Fair use under fire

How Internet publishers and copyright owners are negotiating the murky waters of fair use rights in our world of hyper-fluid technological boundaries is an increasingly common news topic. Last week, for example, the Electronic Frontier Foundation posted news that the Recording Industry Association of America does not consider it fair use to copy one’s own CDs to an MP3 player. And just this week, a Los Angeles federal judge ruled that Google’s use of thumbnail images is not fair use and infringes on an adult website’s copyrights.

Marjorie Heins, founder and coordinator of the Free Expression Policy Project at the Brennan Center for Justice at NYU’s School of Law, explained that it is “very difficult to predict” how judges will rule in fair use cases, making it important for journalists to educate themselves.

Because fair use principles form a cornerstone of free expression, in 2004 the Brennan Center started researching the health of fair use among people involved in cultural or democratic exchanges of ideas. The result of the research is contained in the recently-released public policy report Will Fair Use Survive? Free Expression in the Age of Copyright Control, written by Heins and Tricia Beckles, a former research associate at the Brennan Center.

As mounds of snow in the New York City streets turned gray and slushy, Heins spoke with Online Journalism Review at length about the report and about the state of fair use as it pertains to online journalists.

OJR: Describe fair use as it relates to news reporting.

Marjorie Heins: News reporting is one of the classic examples of fair use, but like all of the examples, it is very difficult to predict when a particular court might determine that a reporter or an editor has stepped over the line from fair use into copyright infringement. So, journalists are facing some of the same problems as artists and scholars and bloggers — and almost anybody else who wants to discuss, report on or share cultural materials faces — with respect to copyright.

There are similar problems with trademark law, which also has fair use provisions, and the courts have developed a kind of sensitivity to free expression interests so that trademark owners don’t totally control the use that’s made of their images, their phrases, their logos. But that’s also hard to predict.

The main purpose of the research we did — which is summarized in the report Will Fair Use Survive? — was: to determine how well the fair use and free expression principles, that are so important to preventing control and censorship of information and speech, are doing. To what extent people are really able to make use of them? And to what extent are the industry practices such as sending cease and desist letters that contain overly broad assertions of copyright or trademark control interfering with fair use?

OJR: What did you find?

Heins: Let me back up a bit just to give a sense of the methods we used. The first challenge was to figure out how we were going to do our research because it’s very difficult to design a truly random study of, to even identify, people who have received cease and desist letters, who have had questions or concerns or who have self-censored because of fear of being sued.
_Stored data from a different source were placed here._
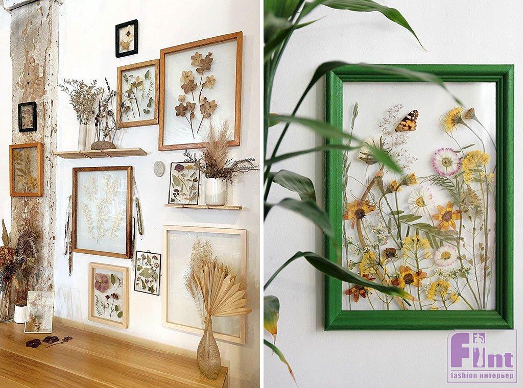 Гербарий — это не только типичное осеннее задание в начальной школе, но и замечательное украшение для дома. Природную картину легко сделать самостоятельно: понадобятся только рамка, клей и сами растения. Это могут быть цветы, листья, тонкие веточки. Их нужно просушить, зафиксировать на поверхности клеем и вставить в рамку. Её можно покрасить в тон засушенным растениям, или оставить естественного цвета. А для минималистичного интерьера подойдёт тонкое чёрное или белое обрамление.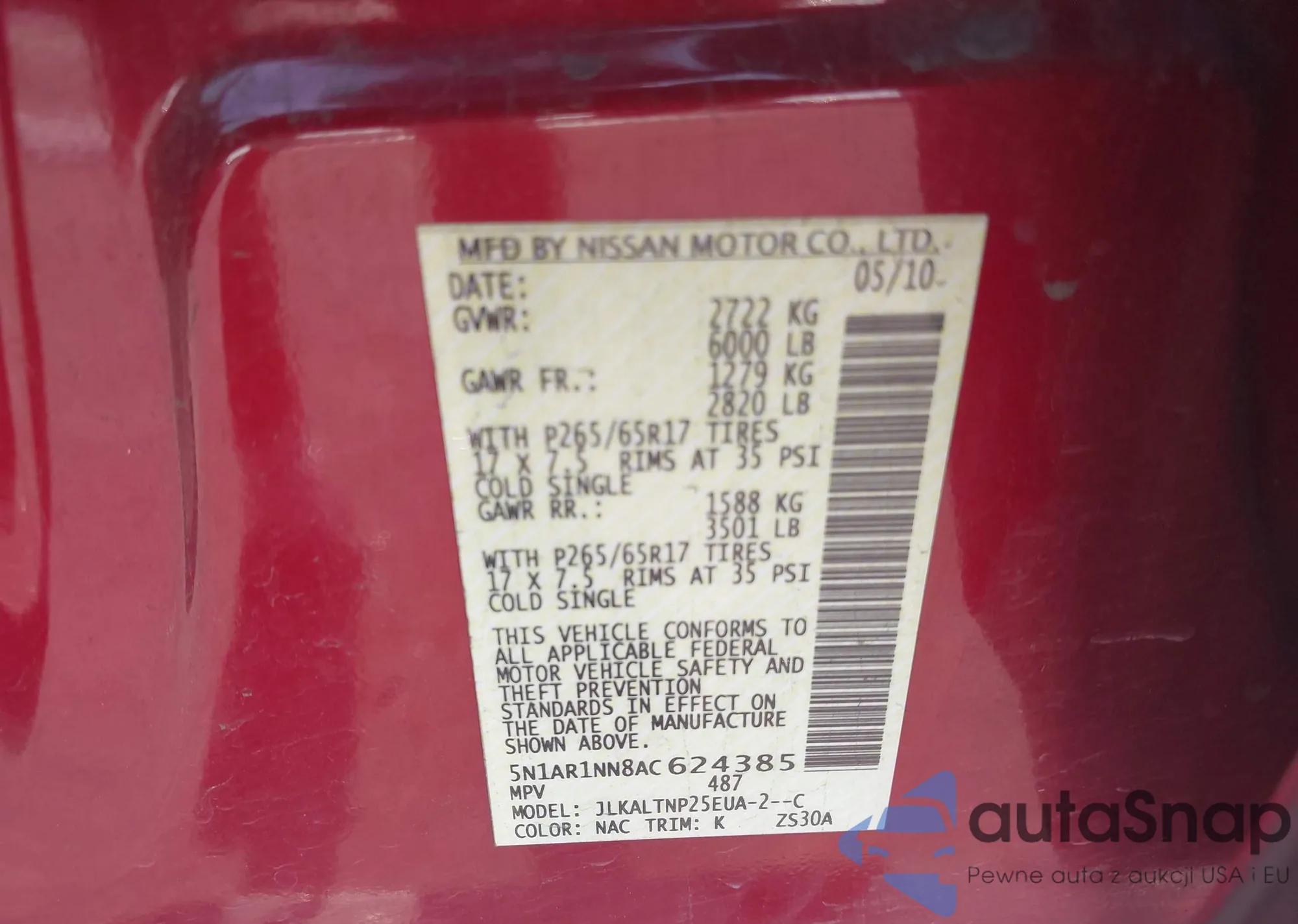 VIN: 5N1AR1NN8AC624385
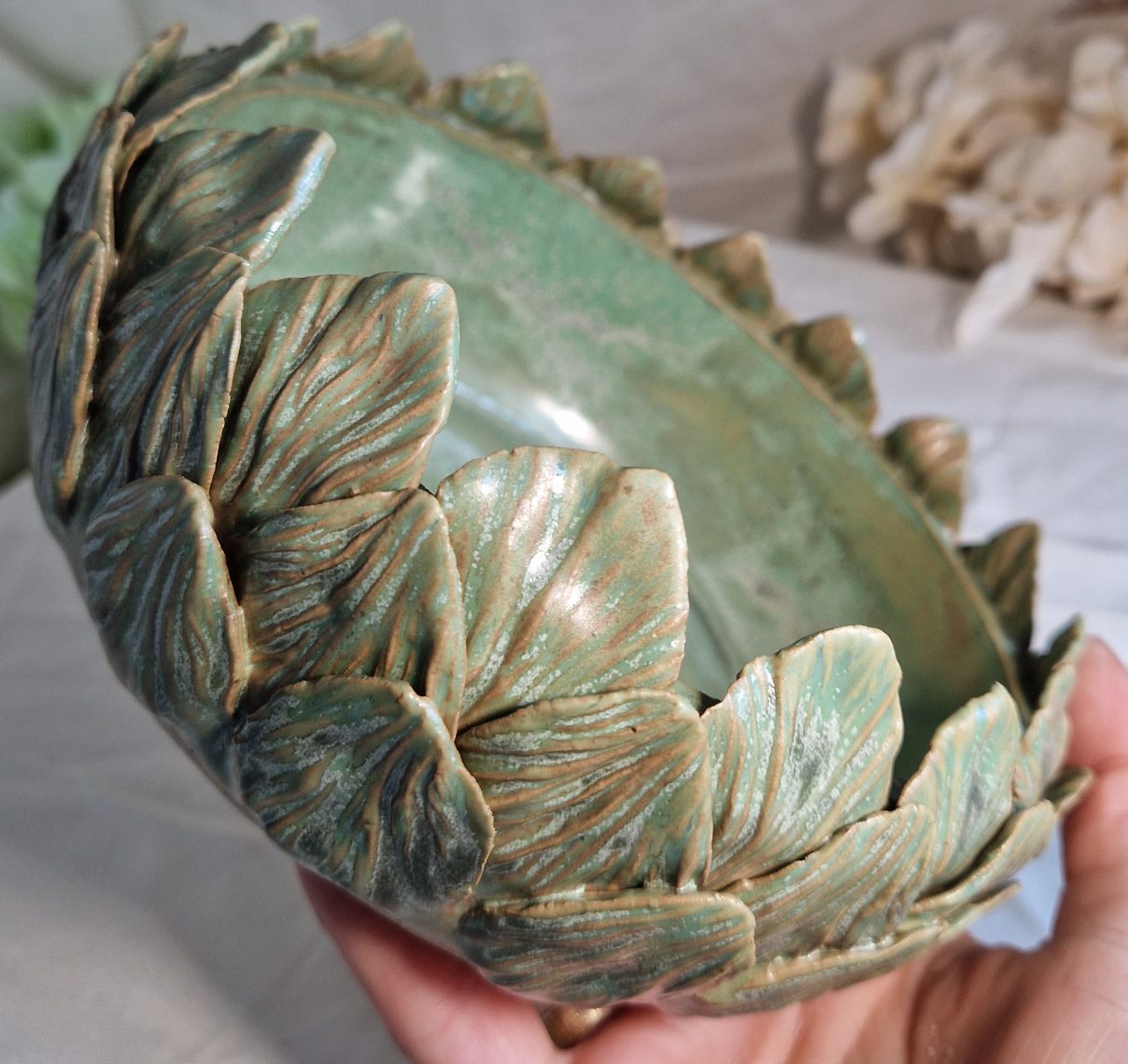 Smuk skål i lysegrønne nuancer, der giver et friskt og let udtryk.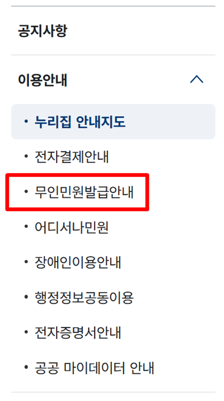 3. 이용안내로 들어가면 왼쪽에 여러 목록이 보입니다. 여기서 무인민원발급안내를 찾아 선택해 주세요.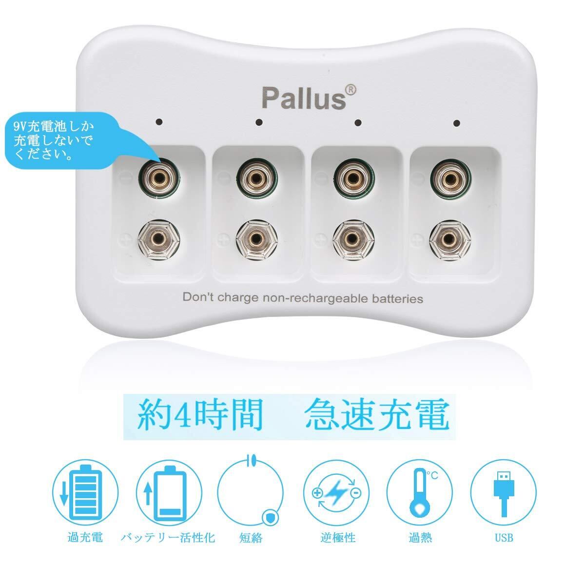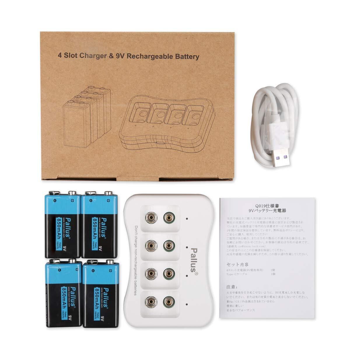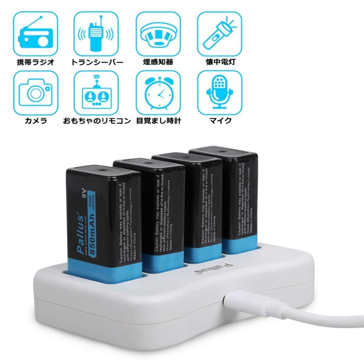 9v電池充電式 6P電池4個、大容量850mAh、充電式9Vバッテリーセット、長持ちする電力、スマートタイプC入力充電器、2時間の急速充電、6F22スクエア、煙探知機、火災警報器、エレキギター、ラジオ、おもちゃに適しています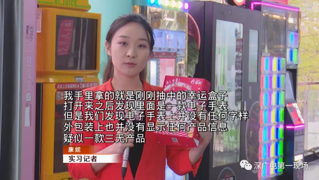 記者注意到,這家商場里擺放的除了口紅機(jī)外,還有所謂的“幸運(yùn)禮盒”機(jī),這個(gè)機(jī)器外型與自動(dòng)售貨機(jī)相似,游戲規(guī)則更加簡單粗暴,只要掃碼付款三十元,就能得到一個(gè)幸運(yùn)禮盒。但禮盒里的獎(jiǎng)品卻讓記者大跌眼鏡。

So we figured out a couple of different methods of research. We created focus groups. We talked to people, writers and filmmakers … just to have general discussions and get a sense of what their attitudes and knowledge was and what experiences they’ve had. We did an online survey.

We analyzed over 300 letters from the Chilling Effects website, both cease and desist letters and what are called take-down letters under the Digital Millennium Copyright Act, which is a law passed by Congress in 1998. The DMCA, among many other things, gives copyright owners the power, pretty much to demand from Internet Service Providers that materials be taken off their servers, just simply on the bald assertion that it violates copyright. So, we analyzed those letters to get a sense of what kind of claims are being made, and, to the extent we could, to figure out what kind of responses, how much material was actually taken down, to what extent people were able to get material back up, to what extent people were intimidated by cease and desist letters or not. And we did some telephone interviews of some people who had posted letters on this Chilling Effects website. …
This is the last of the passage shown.